Пишу сюда редко, потому что занят, вроде бы уже упоминал, что благодаря морфию имею такую дееспособность, которую не имеет ни слон, и гиппопотам, ни сумасбродный лемур, прыгающий и постоянно махающий полосатым хвостом, это хирург показал мне рисунки таких интереснейших существ, как жалко, что в краях этой страны они не водятся. Ну ладно, тогда — как у бешеного кота, здесь полно таких рыжих, с подранными ушами и хвостами, много и ещё больше, дети сбиваются с ног, пытаясь придумать и запомнить их имена, а я выписываю им компрессы и прописываю микстуры, Анна пичкает каждого по несколько раз на дню, а я пока обхожу больше отделение стариков, там в последнее время много новеньких, в основном все с травмами, так что хирургу в одиночку с ними не справиться.
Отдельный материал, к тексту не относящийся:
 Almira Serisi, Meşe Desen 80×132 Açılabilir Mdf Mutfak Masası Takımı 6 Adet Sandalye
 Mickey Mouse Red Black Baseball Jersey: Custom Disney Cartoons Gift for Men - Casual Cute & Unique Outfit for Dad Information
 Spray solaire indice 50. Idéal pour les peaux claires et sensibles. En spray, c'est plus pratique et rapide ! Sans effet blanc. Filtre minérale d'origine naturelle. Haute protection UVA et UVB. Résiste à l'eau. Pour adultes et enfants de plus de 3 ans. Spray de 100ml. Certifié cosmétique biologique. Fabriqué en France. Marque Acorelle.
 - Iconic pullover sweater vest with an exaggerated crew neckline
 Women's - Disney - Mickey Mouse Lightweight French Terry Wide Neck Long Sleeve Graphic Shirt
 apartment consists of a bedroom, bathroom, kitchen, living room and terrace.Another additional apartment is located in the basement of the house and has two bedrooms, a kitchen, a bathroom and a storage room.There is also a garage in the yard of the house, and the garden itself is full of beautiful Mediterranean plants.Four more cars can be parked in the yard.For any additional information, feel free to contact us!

Из новеньких — поступает женщина с ожогом, с огромным жёлтым волдырём, занимающим треть её левой руки, она плохо говорит, на местном диалекте, мол, что её нахождение здесь — «пустая трава», то есть бессмысленное дело, я как-то не задумывался, что у всякого укромного уголка может быть свой диалект, а не только у Города. Старуха говорит, что она работает кухаркой, наверное, пролился вытопленный жир или кипящее масло, или просто вода, что-то горячее, старуха, однако же, хорошо переносит перевязки и разные мази, и когда её обрабатывает хирург, и я, и любая сестра, или медбрат. Фельдшер больше по части больных с травмами, он крепкий и может перенести человека, не способного ходить, я рад, что ему проще перетащить кого-то куда-либо, чем говорить, когда у фельдшера закрыт рот, то спокойнее живётся на свете, может быть, если бы он никогда не говорил, я бы смог снизить дозу уколов до одного в день.
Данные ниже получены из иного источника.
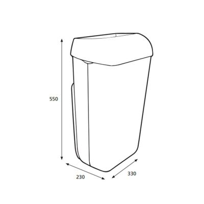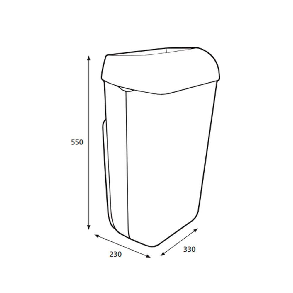 Katrin affaldsbeholder til vægmontering, som letter både rengøring og poseskift. Affaldskurven har et påhæng, så man selv kan vælge om den skal monteres på væggen eller stå på gulvet. Den kan bruges med eller uden det medfølgende låg.
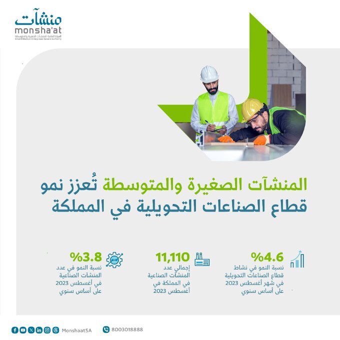 أصدرت الهيئة العامة للمنشآت الصغيرة والمتوسطة "منشآت" تقرير "مرصد منشآت" للربع الثالث من عام 2023، الذي كشف زيادة في عدد المنشآت الصغيرة والمتوسطة بالمملكة حيث بلغت 3.5% عن الربع الثاني من هذا العام، لتصل إلى 1.27 مليون منشأة، تركّز أغلبها في العاصمة الرياض بنسبة 43.3%، تلتها منطقة مكة المكرمة بنسبة 18.3%.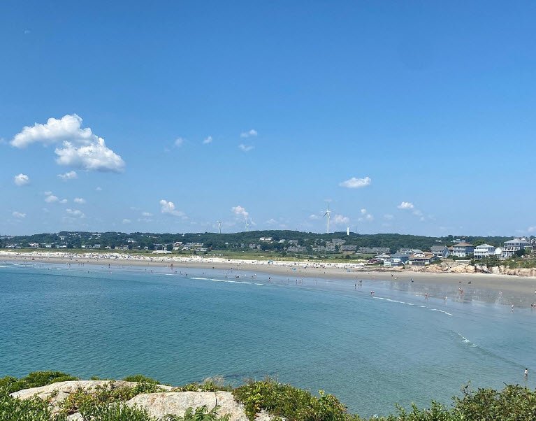 Good Harbor Beach in Gloucester, Massachusetts, is a beautiful public beach famous for its soft white sand, clear Atlantic waters, and scenic views of Salt Island.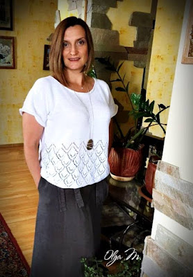 Этот топ я связала спицами из бобинной итальянской пряжи Oasi Ecafil (55% хлопок, 30% лен, 15% ПА, в 100 г 1500 м).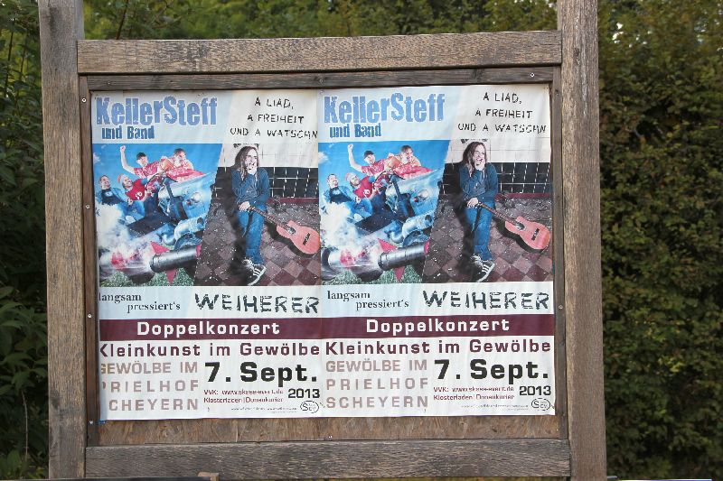 "Kritische bayrische Heimatlieder" seien seine Songs, so der Münchener Liedermacher und Kabarettist Weiherer am Samstagabend in Scheyern. Und quasi als Verstärkung bei seinem Auftritt hat er niemand Geringeren als die Keller Steff Band mitgebracht. Da war es gut, dass bei ausverkauftem Haus die Tische und Bänke draußen blieben, im Prielhof-Gewölbe hätte es ohnehin niemanden auf den Plätzen gehalten.
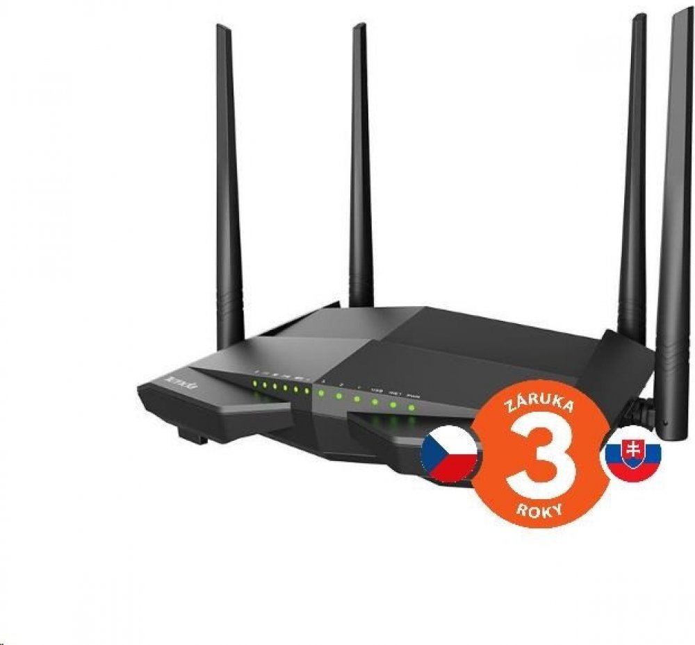 Dvoupásmový Gigabitový VDSL2/ADSL WiFi AC1200 router 802.11 ac/a/b/g/n, podpora VDSL2 Profile 35b, VDSL, ADSL2+, ADSL2, ADSL, SMART CZ aplikace, 1x GWAN, 3x GLAN, 4x anténa 5 dBi, až 1200 Mb/s (2,4GHz 300 Mb/s + 5GHz 867 Mb/s), IPv6, USB port - sdílení SAMBA, TR-069, VPN Client, Universal Repeater, MU-MIMO, Beamforming.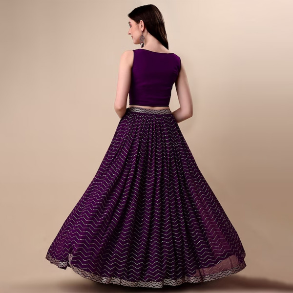 Purple embroidered lehenga choli with dupatta, has leheriya technique and sequinned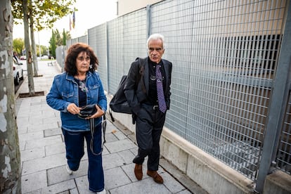 Carmen López, portavoz de Marea de Residencias, y Carlos Vila, abogado del grupo, antes de entrar el miércoles 22 de octubre a los Juzgados de Navalcarnero, en el suroeste de la región de Madrid. SAMUEL SÁNCHEZ
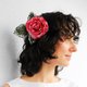 Flower hair comb with handmade red snowy Rose. Floral hair accessories for women. Rose for Christmas present girl or decorate bride's hair at a winter wedding.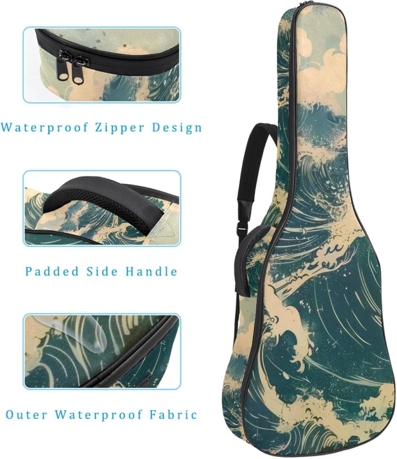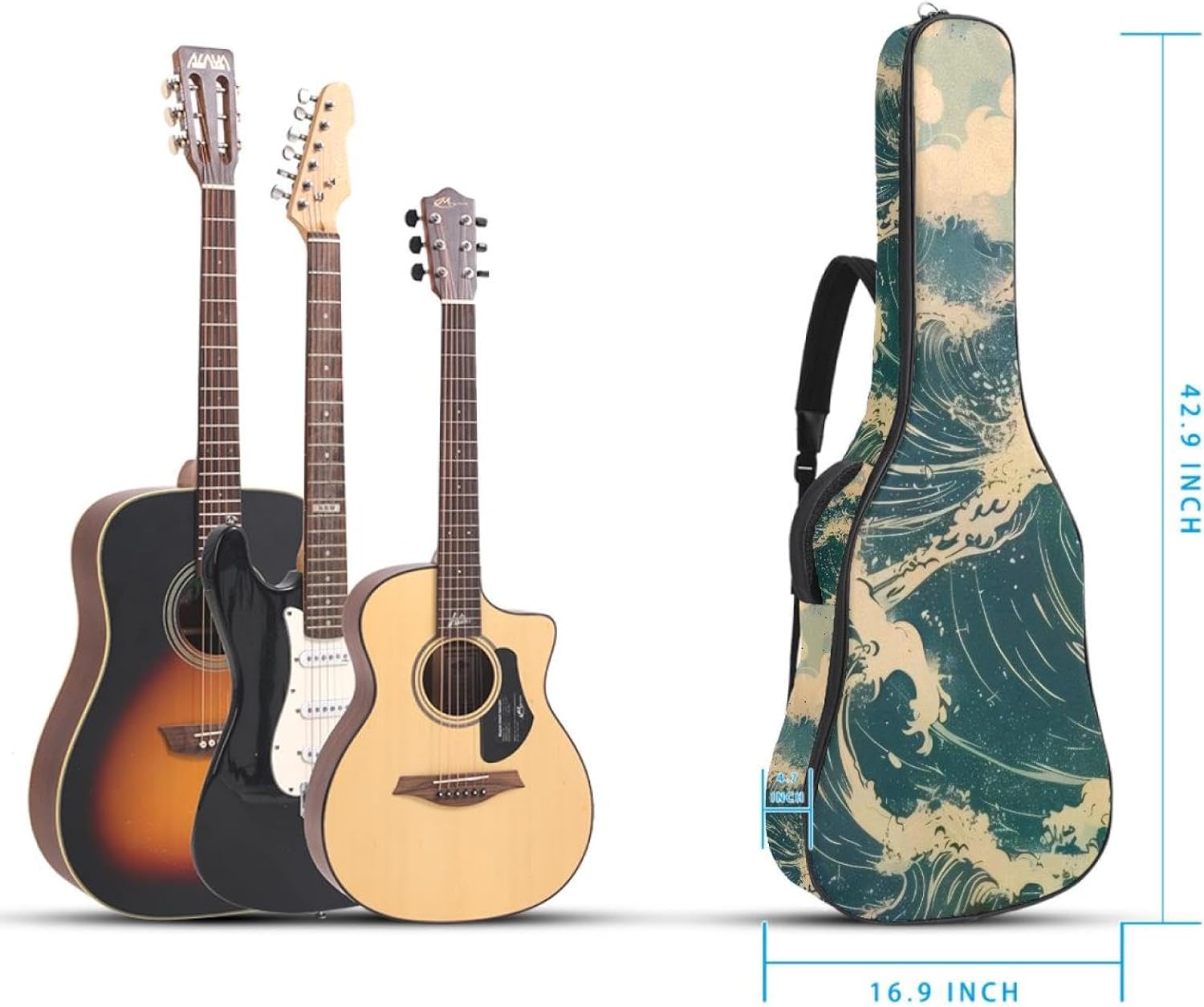 Specifications:Material: waterproof Oxford and waterproof zipper;Size: 42.9’’ x 16.9’’ x 4.7’’, perfect for 40'' 41'' 42'' guitar;Weight:36oz/1020g, lightweight;Color: Multi-color.Features:1. Adjustable backpack shoulder straps and padded side carry handle for more pleasant carrying choices.2. 10mm thick sponge padding inside provide protection for your musical instrument; and fixed Velcro above neck and body keep your acoustic guitar bag safer.3. This guitar bag comes with back hanger loop can be hung on the wall. Save more space when not in use.4. Two pockets for storage convenience, 1 large capacity pocket on outside back and 1 small pocket on the inside neck.5. Cute printed guitar gig bag guitar case backpack, ideal as a gift for your relatives or friends who love music when birthday, Thanksgiving, Christmas, holidays, and other special events.

Старуха говорит, что, мол, волдырь странно ощущается, что это словно не её кожа, я прошу не трогать его, говорю, что если лопнуть — может произойти заражение, старуха сначала не понимает, а потом начинает бояться моих слов. Хирург подтверждает их и строго грозит ей пальцем, как ребёнку, говорит, что как будет свободна операционная — можем его вскрыть, если будет мешать, старуха кивает, хотя вряд ли понимает слова «но вскрывать можно только в стерильной обстановке». Она, наверное, повариха у какого-нибудь крупного торговца, мастерски подвязывает волосы косынкой, и плетёт тугие косы, причём ни повязка, ни стягивающая боль от волдыря ей не мешает, хирург говорит, что она не единственная, кто поступает с ожогами за последний год, причём ни разу не поступали работники кабака. Странно — то ли там работают настоящие мастера и волшебники, умеющие так ловко обращаться с плитами и духовками, что ни разу не получают серьёзных травм, то ли...
Впрочем, неважно, мне безразличны владельцы кабака, это не те новаторы, которых я когда-то знал, это не Андрей, рвущий и ветер, и время зубами, это и не Пётр, которой одной мыслью может заставить планету вращаться в другую сторону, и при этом Пётр — добряк, вот, вот что меня удивляло в нём, он же добряк. Сейчас пишу в палате, в не в мансарде, не очень удобно, но возможно, и даже как-то интереснее, сейчас старики спят, только старуха с ожогом просто смотрит вверх, наверное, дремлет, ей никогда не скучно, тоже такая голова, с которой никогда не скучно. Интересно, она знает о том, что носить такую голову — это настоящее проклятие, злой рок, или ей нормально, она прожила целый век и радовалась, что в её голове так ладно складываются мысли, но они не забредали в те края, в какие забрели у меня.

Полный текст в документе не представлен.